- Born: Irfan Kurić 19 January 1952 (age 74) Sarajevo, PR Bosnia and Herzegovina, FPR Yugoslavia
- Occupation: Actor
- Years active: 1973–present
- Spouses: ; Ljiljana Perović ​ ​(m. 1976; div. 1984)​ ; Srna Lango ​ ​(m. 1995; div. 2012)​
- Children: 2

= Irfan Mensur =

Serbian theatre, television and film actor

Irfan Mensur (Ирфан Менсур; born Irfan Kurić, Ирфан Курић; 19 January 1952) is a Serbian theatre, television, and film actor of Bosnian descent.

==Early life==
Born to father Mensur Kurić from Niš whose family traces its origins to Donji Vakuf in Bosnia and Herzegovina and Sarajevo-born mother Nada Wasche of Czech and Hungarian descent, Irfan grew up in Sarajevo's Dolac Malta neighbourhood. His childhood pursuits in Sarajevo generally revolved around sports. At the age of 15, as a result of his parents divorcing, young Irfan moved with his father to Niš.

In Niš, Irfan's father married the actress Miroslava "Mima" Vuković, so adolescent Irfan spent part of his teenage years living with a stepmother.
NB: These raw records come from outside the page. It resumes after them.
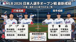 | 15日(水) | MLB ジャッキー・ロビンソン・デー (全30球団が試合) | – | – |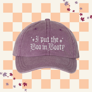Add a playful touch to your Halloween outfit with this fun and festive embroidered dad hat. Featuring the cheeky phrase, "I Put the Boo in Booty," this hat is perfect for celebrating the spooky season with style. Made from high-quality fabric with an adjustable strap, it ensures a comfortable fit for all your ghostly gatherings.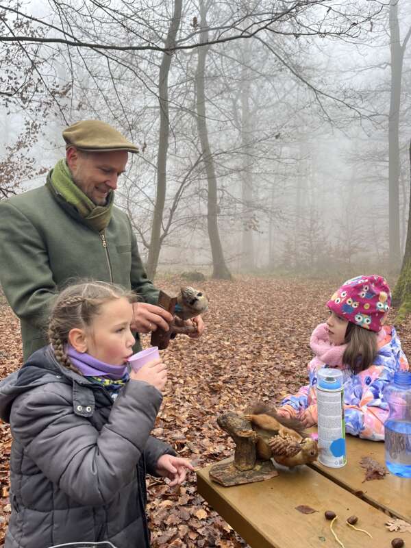 Eine kleine Pause wurde an einem Kletterbaum im Felke Heil- und Aktivwald eingelegt, hier konnten die Kinder frühstücken und klettern. Ganz begeistert waren die Kinder außerdem von den kleinen Helfern des Waldes, die die Förster mitgebracht hatten, einem ausgestopften Eichhörnchen und einem Eichelhäher. Auch die Frage, was die gesprühten Zeichen an den Bäumen bedeuten, wurde Kindern und Lehrerinnen beantwortet.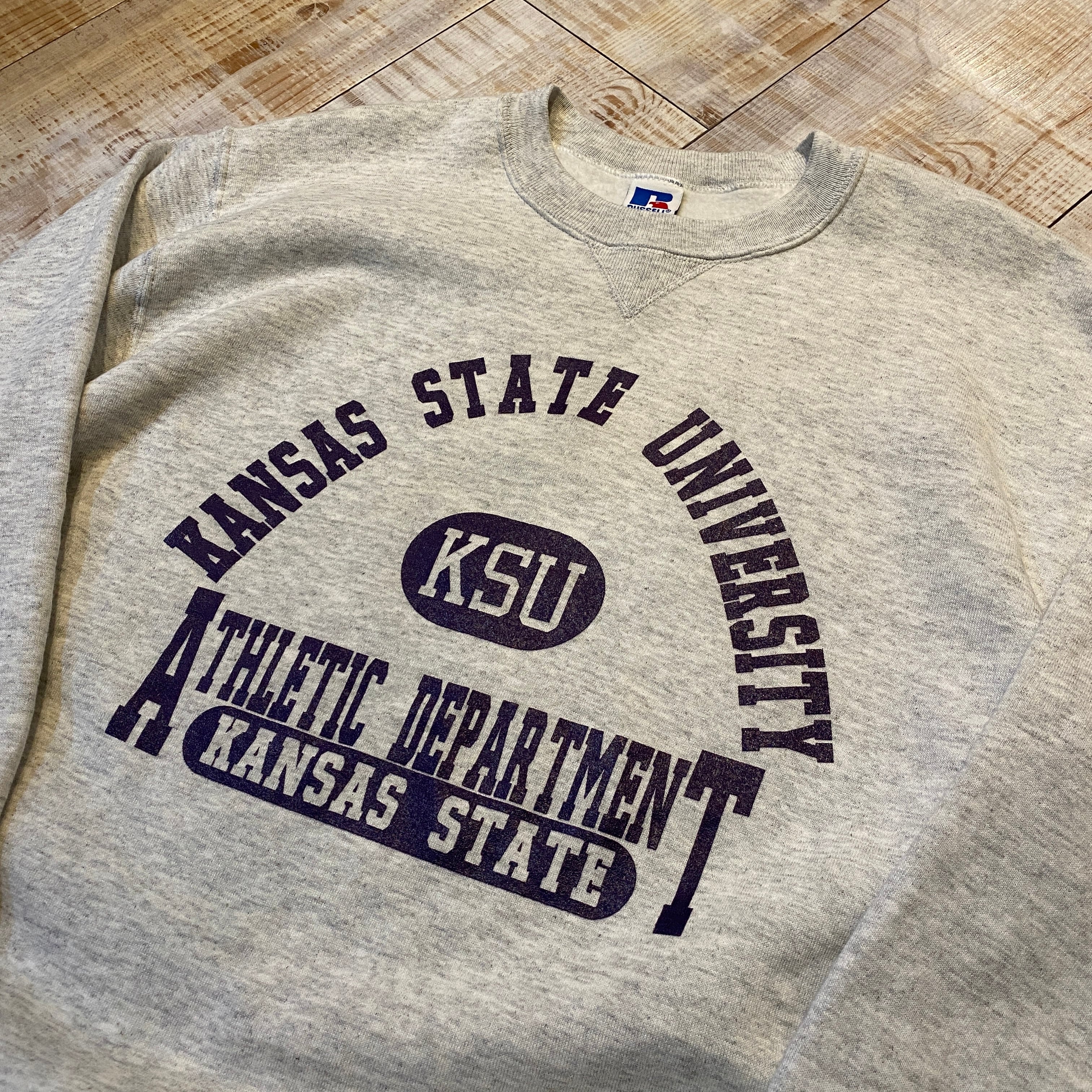 商品説明 :米国製90s RUSSELLのプリントスウェットになります。定番の霜降りグレーボディに、パープルの4段アーチカプセルのラバープリントが入るグッドアイテム。フラッシャー付きのデッドストックでのご用意になります。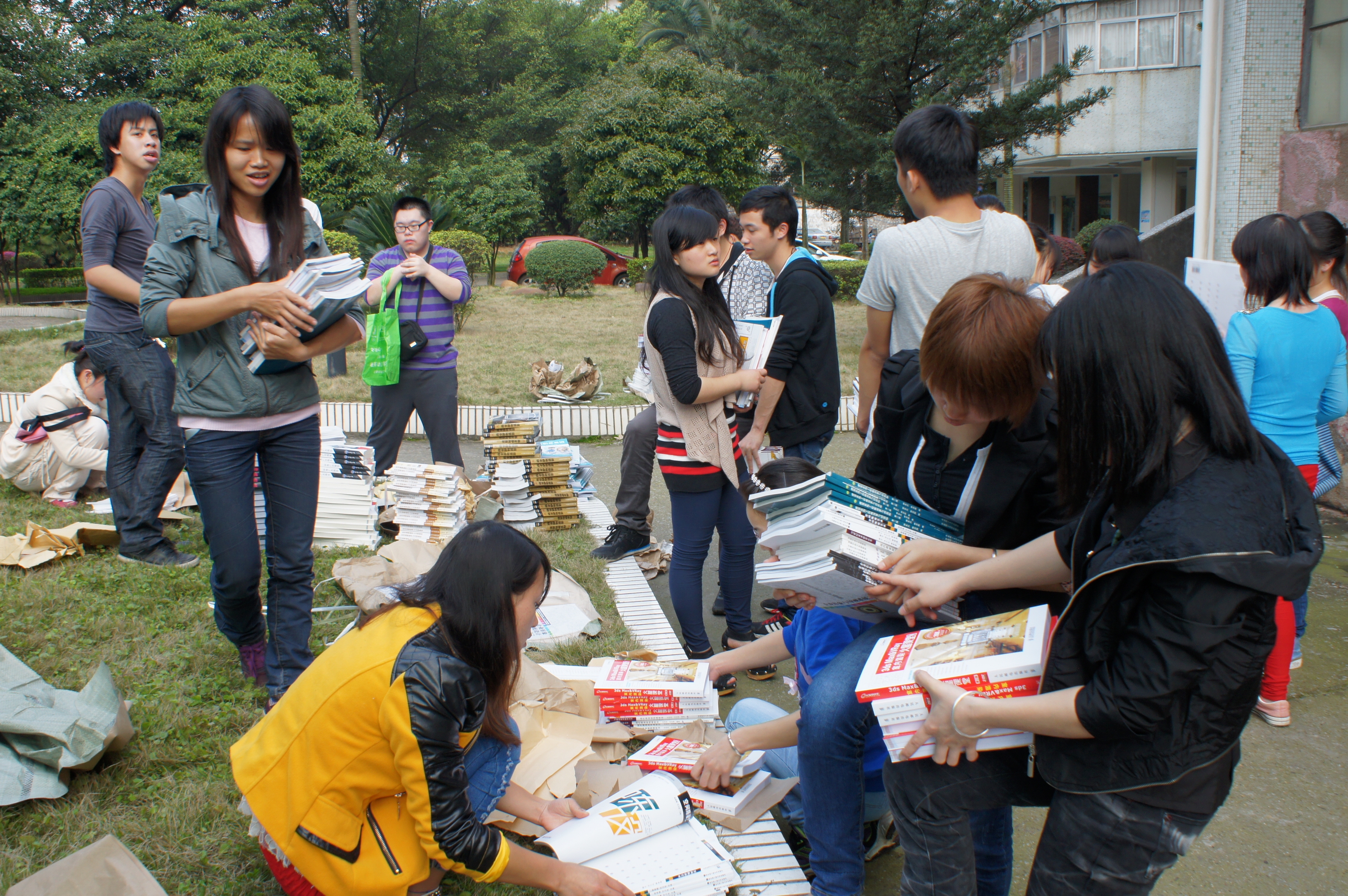 学生返校报到,领取教材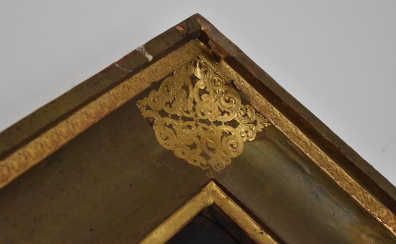 Conserva el marco original, sencillo, dorado y ornado con sencillos motivos pintados y dorados, a modo de calados, en sus esquinas.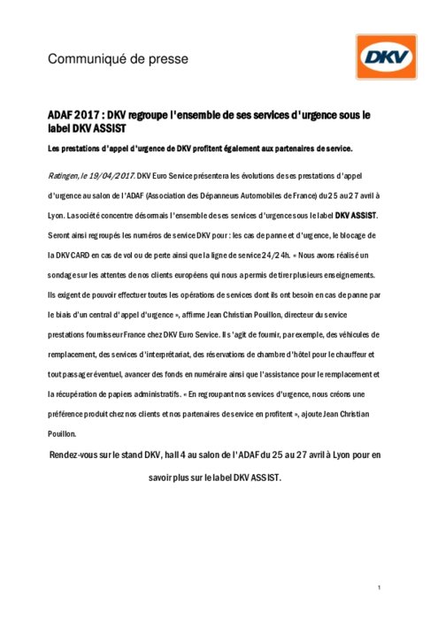 DKV Euro Service présentera les évolutions de ses prestations d'appel d'urgence au salon de l'ADAF (Association des Dépanneurs Automobiles de France) du 25 au 27 avril à Lyon. La société concentre désormais l'ensemble de ses services d'urgence sous le label DKV ASSIST. Seront ainsi regroupés les numéros de service DKV pour : les cas de panne et d'urgence, le blocage de la DKV CARD en cas de vol ou de perte ainsi que la ligne de service 24/24h.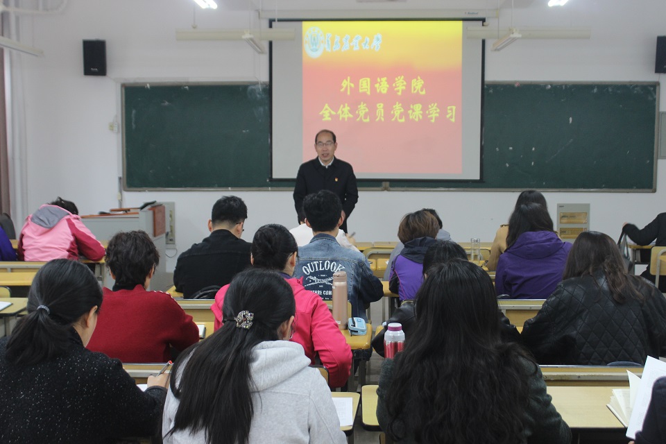 4月28日,青岛农业大学外国语学院在文经楼C214教室举行学习《中共中央关于加强党的政治建设的意见》(以下简称《意见》)专题党课,党课由学院党委书记王仁高主讲,全体师生党员参加学习。

Encouraged by his stage actress stepmother, young Irfan began pursuing performing arts after, by own admission, setting foot inside a theater for the first time at age 16. Within a few years, he successfully passed the entrance audition at the Academy of Theatre, Film, Radio and Television in Belgrade where he began studying under professor Minja Dedić's tutelage. As a way of honouring his father, soon after moving to Belgrade, the aspiring actor legally changed his last name to Mensur.

==Cinematic career==
After appearing in several supporting roles in different Yugoslav TV movies and series, in 1975, twenty-two-year-old Mensur landed the role of Gavrilo Princip in a high-budget Yugoslav-Czechoslovak-West German co-production, The Day That Shook the World. Directed by Veljko Bulajić and featuring a prominent cast headed by globally-known actors Christopher Plummer, Florinda Bolkan, and Maximilian Schell, the film about the 1914 assassination of the Austro-Hungarian archduke Franz Ferdinand in Sarajevo was an ambitious and generously funded project that ended up securing a theatrical release in a number of countries. However, it was met with lukewarm reviews and limited box office success. For his part, in later interviews, Mensur talked about being extremely dissatisfied with his own performance in the high-profile movie that "marked me in the Yugoslav public consciousness to the point of forcing me to have to go around convincing different film and TV people [in Yugoslavia] that I'm actually not a bad actor".

==Selected filmography==
===Film===

| Year | Title | Role | Notes |
|---|---|---|---|
| 1975 | The Day That Shook the World | Gavrilo Princip |  |
| 1976 | Beach Guard in Winter | Dragan Pasanovic |  |
| 1977 | The Dog Who Loved Trains | Mladic |  |
| 1982 | The Smell of Quinces | Ibrahim |  |
| 1982 | A Tight Spot | Profesor 'Japanac' |  |
| 1989 | Battle of Kosovo | Makarije |  |
| 1999 | Sky Hook | Zuka |  |

==Personal life==
In 1976, at the height of his Beach Guard in Winter popularity in Yugoslavia, twenty-four-year-old Mensur married the twenty-three-year-old Trebinje-born model Ljiljana Perović who had, much like him, also spent her childhood in Sarajevo before ending up in Belgrade in pursuit of a show business career. The couple had a son, Filip, in 1983 before divorcing in 1984.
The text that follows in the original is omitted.